En ese mismo instante, no muy lejos de allí, Clara bailaba y besaba a Lucas como si fuera el fin del mundo. Cuántas veces hemos utilizado esa expresión, hacer algo como si fuera el fin del mundo, y nunca en la historia reciente fue más cierto que ahora, aún siendo todavía muy falso, para decepción de los apocalípticos. El plan lo habían urdido esa misma mañana whatsapp que va whatsapp que viene. Lucas conocía un antro clandestino dónde poder echarse unos bailes. Clara luchó con su moral encarnizadamente, deber contra placer, sensatez frente a pulsión, razón contra emoción, bella y eterna batalla librada por la raza humana desde que es humana. Salieron de madrugada. Huyendo de la luz de las farolas, besándose entre los coches, corriendo como fugitivos de un mundo que les envidiaba desde cada ventana. La discoteca estaba en un sótano. Todos llevan mascarillas. Rostros jóvenes, ojos ardientes, cuerpos electrificados. Bailan, beben y ríen. Clara accede a bajar otra planta, para mirar dice.
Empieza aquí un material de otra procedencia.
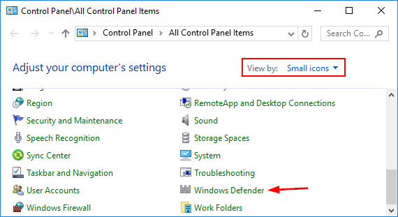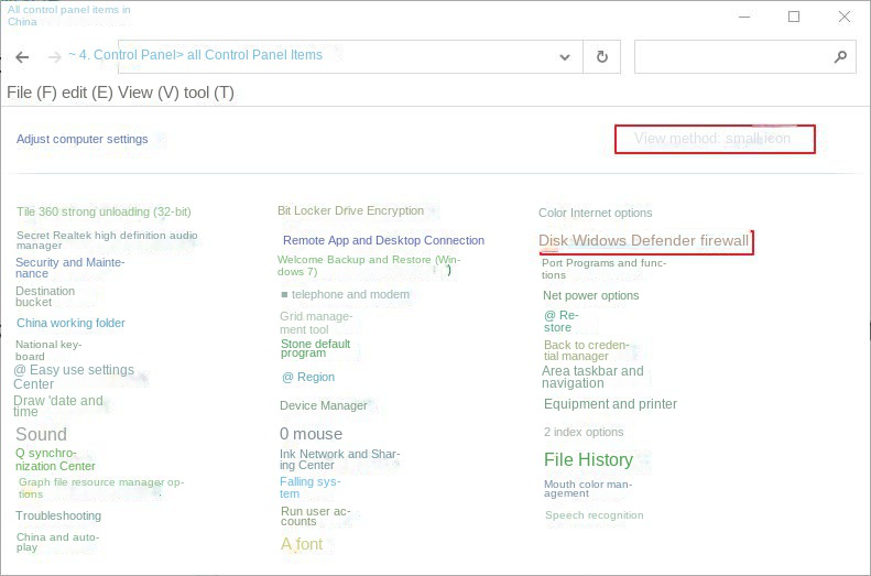 Step 1: Search for Control Panel in the taskbar search box in the lower left corner of the Windows desktop, open it, set the viewing method to Small icons, and then click Windows Defender.
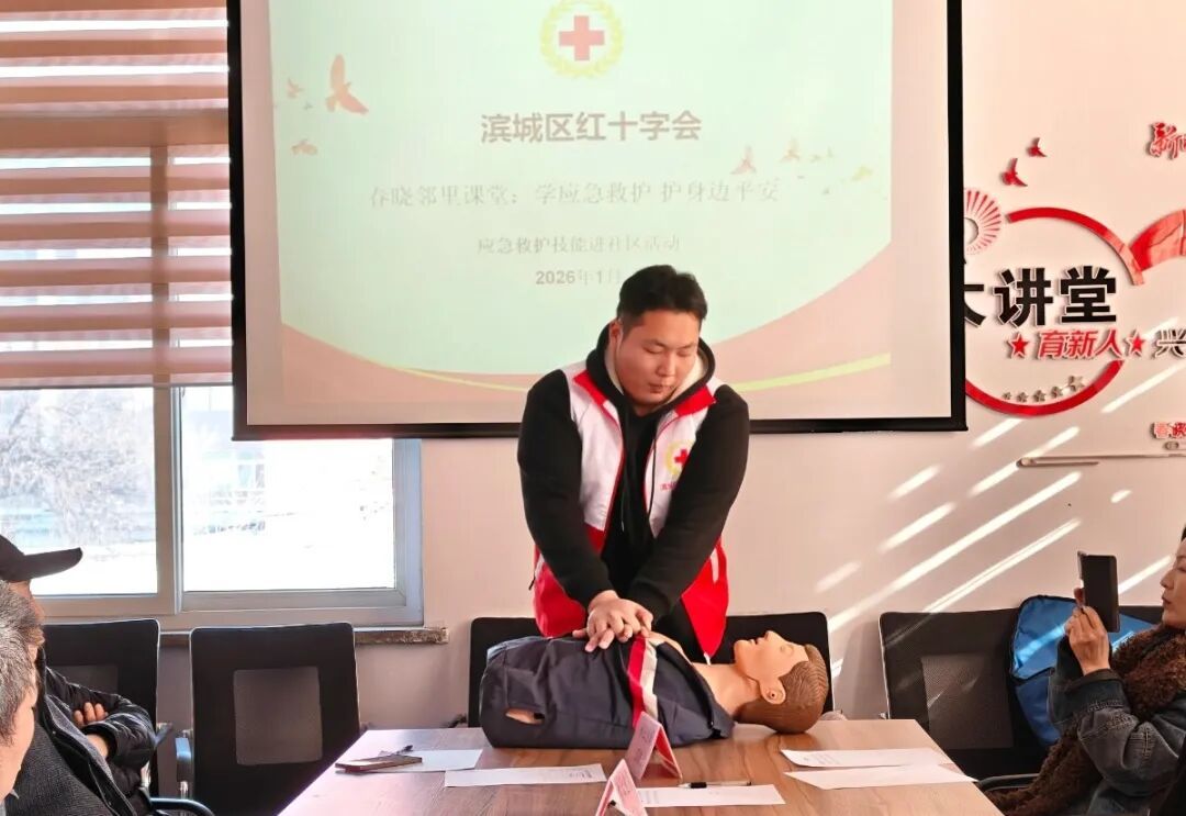 为积极响应寒假三下乡活动,国防教育学院轮机工程技术2409班宋昕远同学积极参与滨城区红十字会联合北镇街道春晓社区开展的 “春晓邻里课堂:学应急救护 护身边平安” 公益救护培训活动。在系统学习与实操演练中,他熟练掌握应急救护与自救互救技能,以实际行动践行新时代青年的社会责任,在服务群众、守护平安的实践中增长才干、淬炼担当,让青春在奉献中绽放光彩。
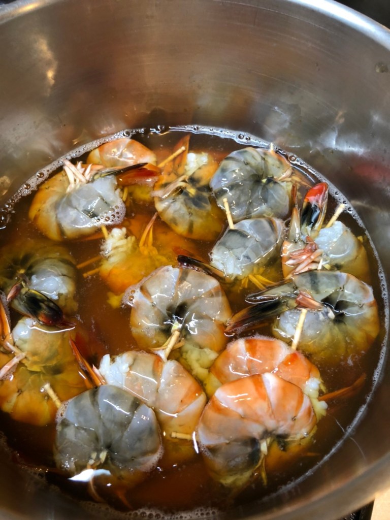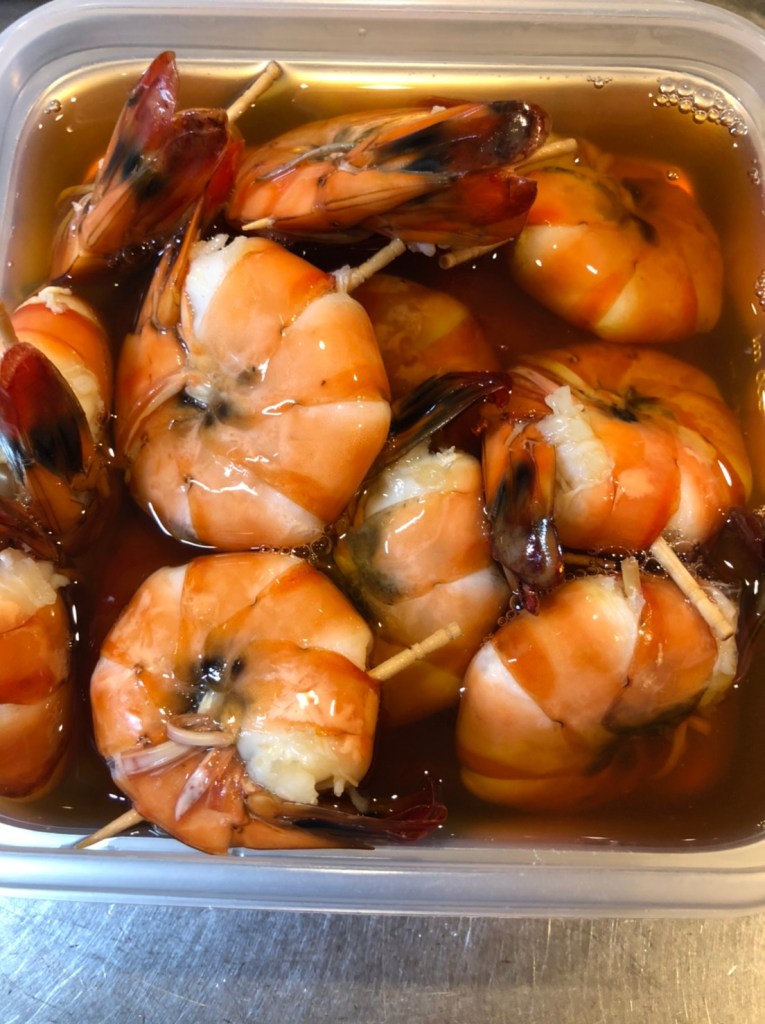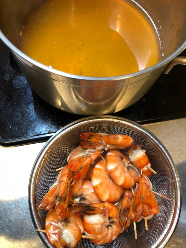 ⑥ 海老と汁が冷めたら、海老を汁に漬けて、冷蔵庫で1日置く。
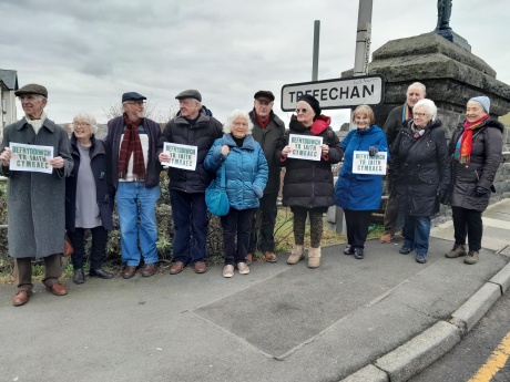 Dechreuodd y daith ar Bont Trefechan cyn ymweld â nifer o leoliadau eiconig yn hanes y mudiad yn Aberystwyth.
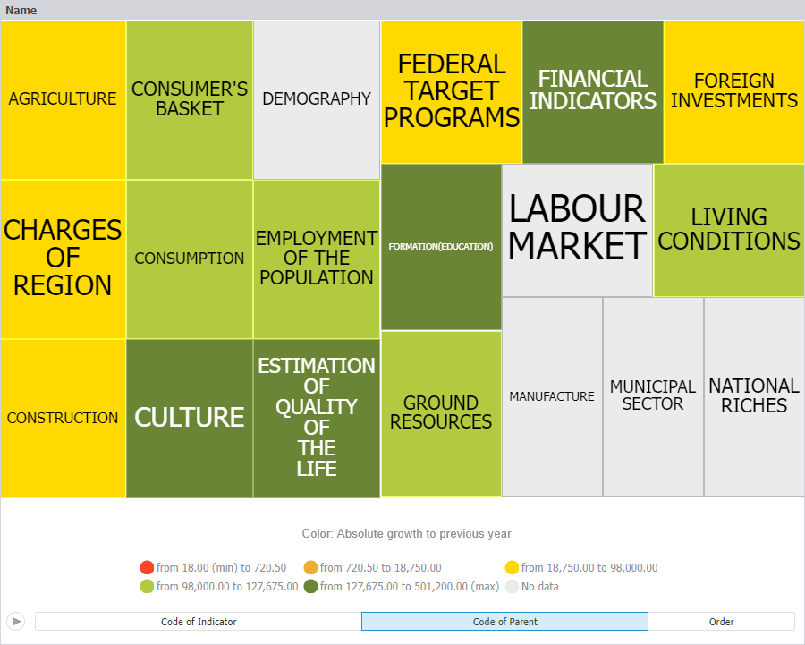 The Tree Map visualizer is used to graphically display table data as a set of nested rectangles with value frequency in time.
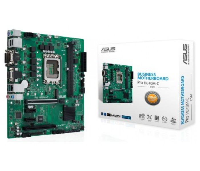 ASUS Pro H610M-C-CSM. Fabricante de procesador: Intel, Socket de procesador: LGA 1700, Procesador compatible: Intel® Celeron®, Intel® Core™ i3, Intel® Core™ i5, Intel® Core™ i7, Intel® Core™ i9, Intel® Pentium®. tipos de memoria compatibles: DDR5-SDRAM, Memoria interna máxima: 64 GB, Tipo de ranuras de memoria: DIMM. Interfaces de disco de almacenamiento soportados: M.2, SATA III, Tipos de unidades de almacenamiento admitidas: HDD & SSD. Tipo de interfaz ethernet: Gigabit Ethernet. Componente para: PC, Factor de forma: micro ATX, Familia del chipset: Intel
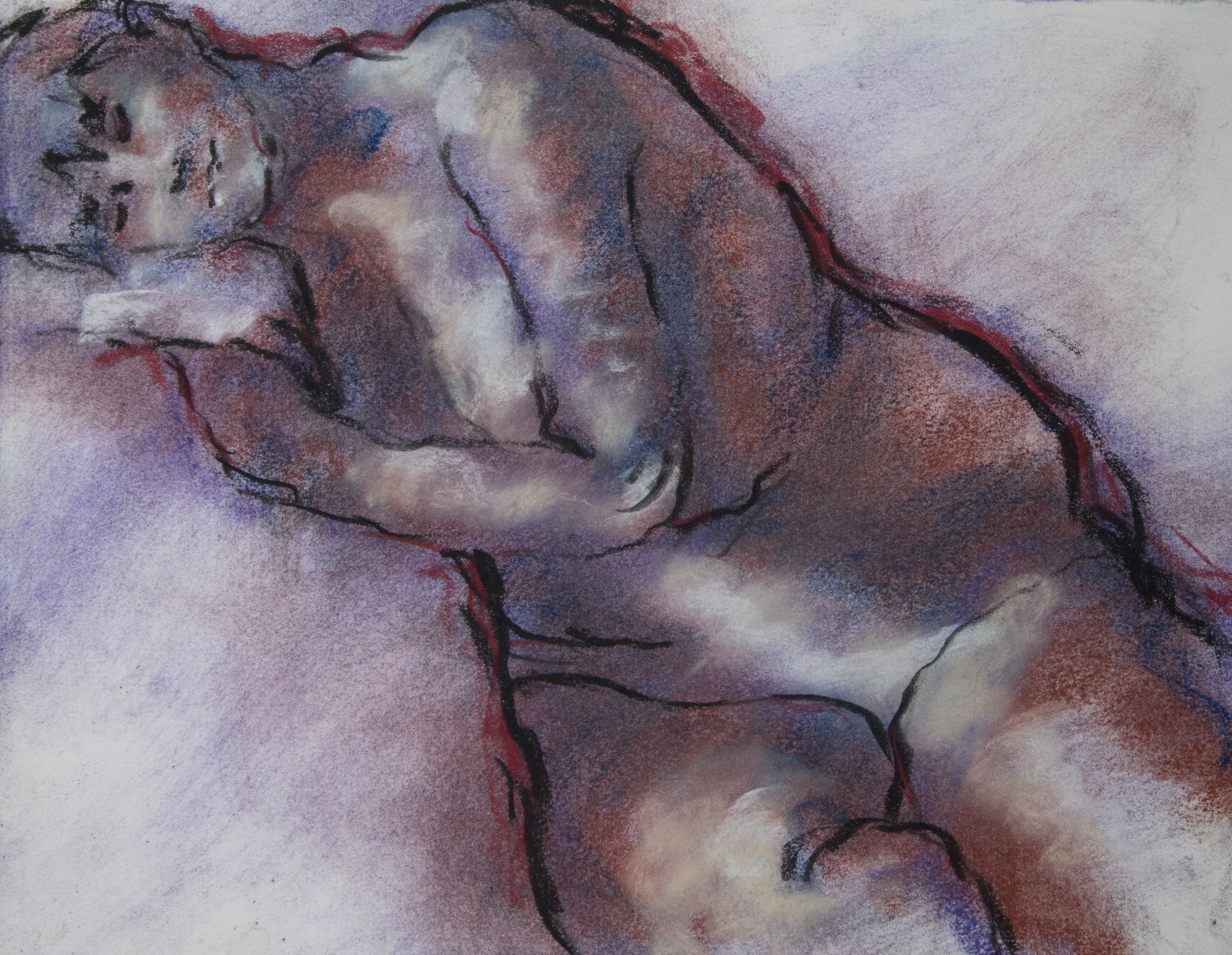 Drawing is of nude female done in charcoal and pastel on white drawing paper.
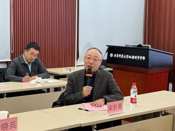 会议第二项,学部原任部长宋长青发言。首先,他对学校七年来给予学部的支持和帮助表示衷心感谢,同时也向学部党政班子及二级单位负责人一直以来对学部各项工作开展的大力支持和无私付出表示由衷谢意。考虑到学部现已进入平稳有序的高质量发展阶段,并结合个人实际情况,他主动选择辞去部长职务。他表示,未来会一如既往地继续支持学部的建设,并希望新班子能够坚持内塑文化、外树品牌,带领学部师生统一思想,凝心聚力,扎实推进中国地理学与遥感科学水平的稳步提升,为学校继续增光添彩。
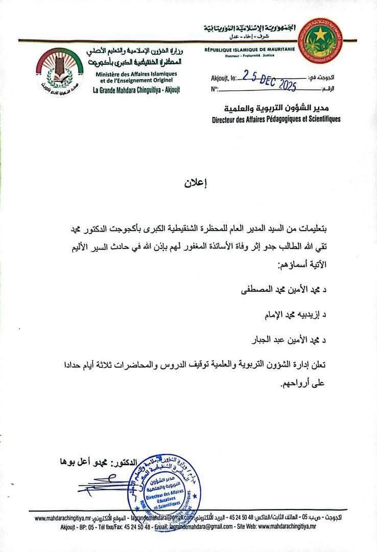 أعلنت إدارة الشؤون التربوية والعلمية بالمحضرة الشنقيطية الكبرى في أكجوجت تعليق الدروس والمحاضرات لمدة ثلاثة أيام، وذلك حدادًا على وفاة ثلاثة من أساتذة المحضرة في حادث سير أليم.
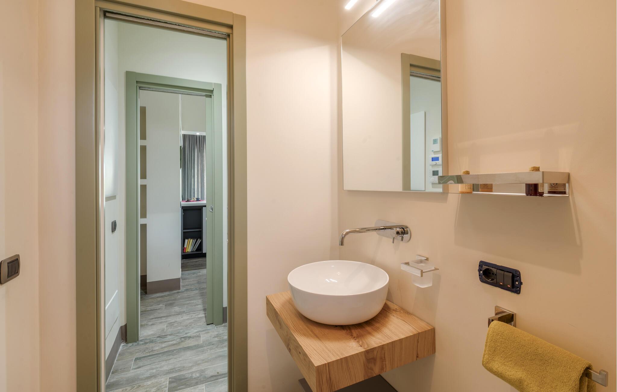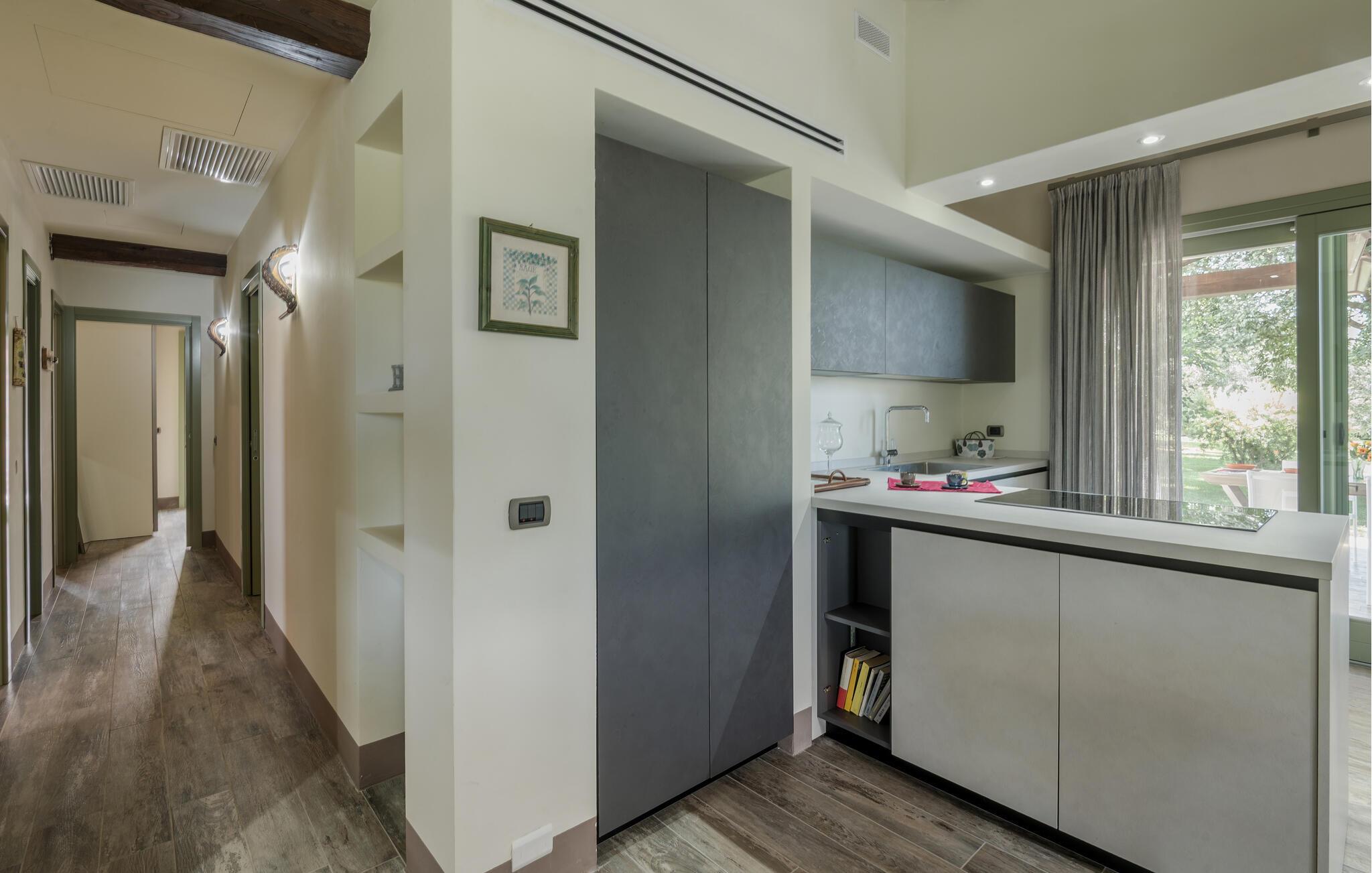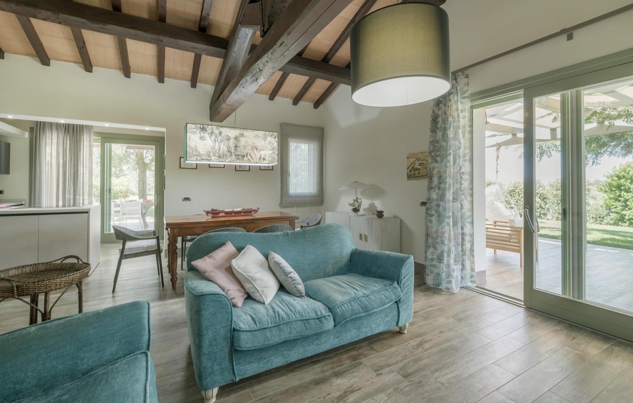 Glæd jer til en afslappende pause med venner eller familie i det elegante interiør i dette rummelige feriehus. Eksperimenter med frisk pasta i det moderne, åbne køkken og nyd resultatet sammen ved det stilfuldt oplyste spisebord. Tilbring rolige aftener med en spændende serie i opholdsstuens feel-good atmosfære.
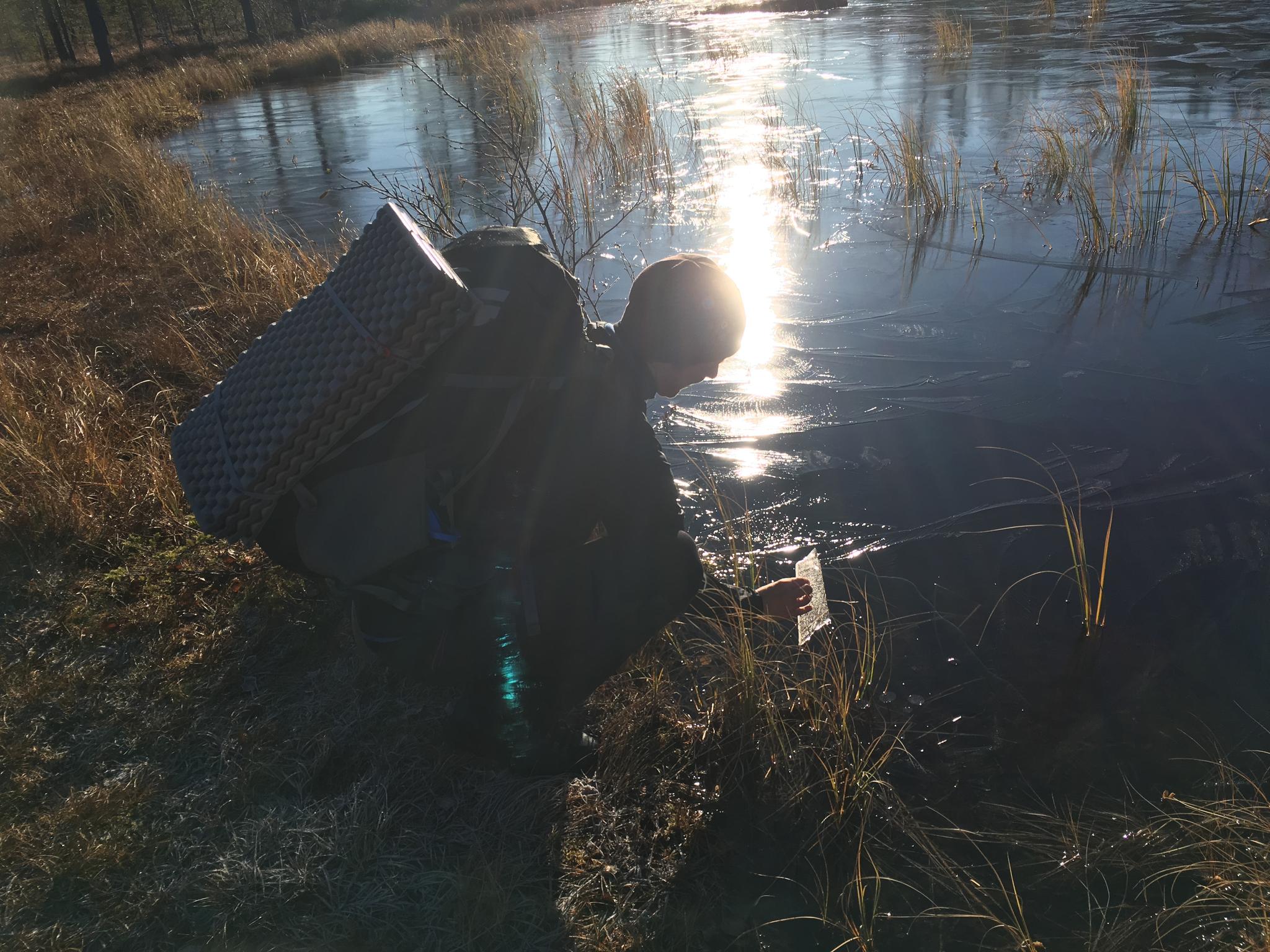 Trots en ganska kall och fokuserad kompassmarsch kom vi fram till det som skulle fungera som uppfång så småningom: bäcken Storkällan strax söder om Göljåstugan.
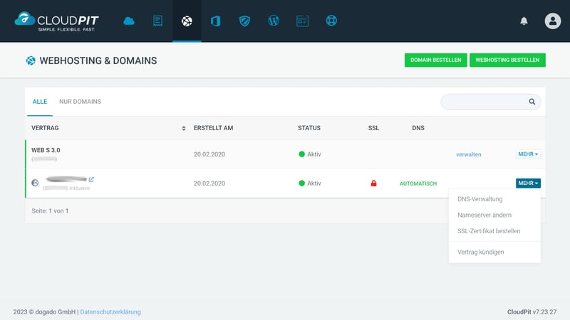 Die CloudPit-Oberfläche macht die vertragliche und technische Verwaltung von Webhosting-Projekten auch für Anfänger unkompliziert.100 % SSD-Power
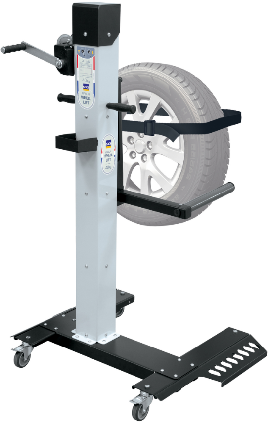 Manual Wheel Lift to ręcznie obsługiwany wózek do podnoszenia i transportu koła pojazdu. Zaprojektowany z myślą o ergonomii pracy i redukcji obciążeń fizycznych w warsztatach. Pozwala jednej osobie bez większego wysiłku wkładać wyjęte koło na felgę i transportować je na stanowisko robocze. Dzięki korbie z hamulcem zabezpieczającym kolo pozostaje stabilnie na miejscu podczas pracy.

Es una sala enorme y diáfana, las personas tienen sexo manteniendo las distancias. La luz tenue y mortecina ensalza la belleza de los cuerpos. Están completamente desnudos, pero tienen guantes y mascarillas. Sudor, pollas, coños, jadeos, miradas lascivas, guantes y mascarillas; el carnaval de Venecia ha llegado al barrio de La Estrella. Los consoladores se desinfectan durante sesenta segundos, los orgasmos se asfixian dentro de las mascarillas FFP3. La imagen es tan bizarra, que solo puede ser superada por unos niños andando por un parque con mascarillas. Lucas y su vecina se excitan, pero a Clara le da asco hacerlo sobre esos colchones. Teme contagiarse. Hablan de bajar otro piso. Cuarto oscuro. Allí follan todos con todos sin guantes ni mascarillas. Al final no bajan, de hecho les da miedo sólo asomarse, temen que el diablo desde el infierno lance un látigo de fuego que les agarre el alma.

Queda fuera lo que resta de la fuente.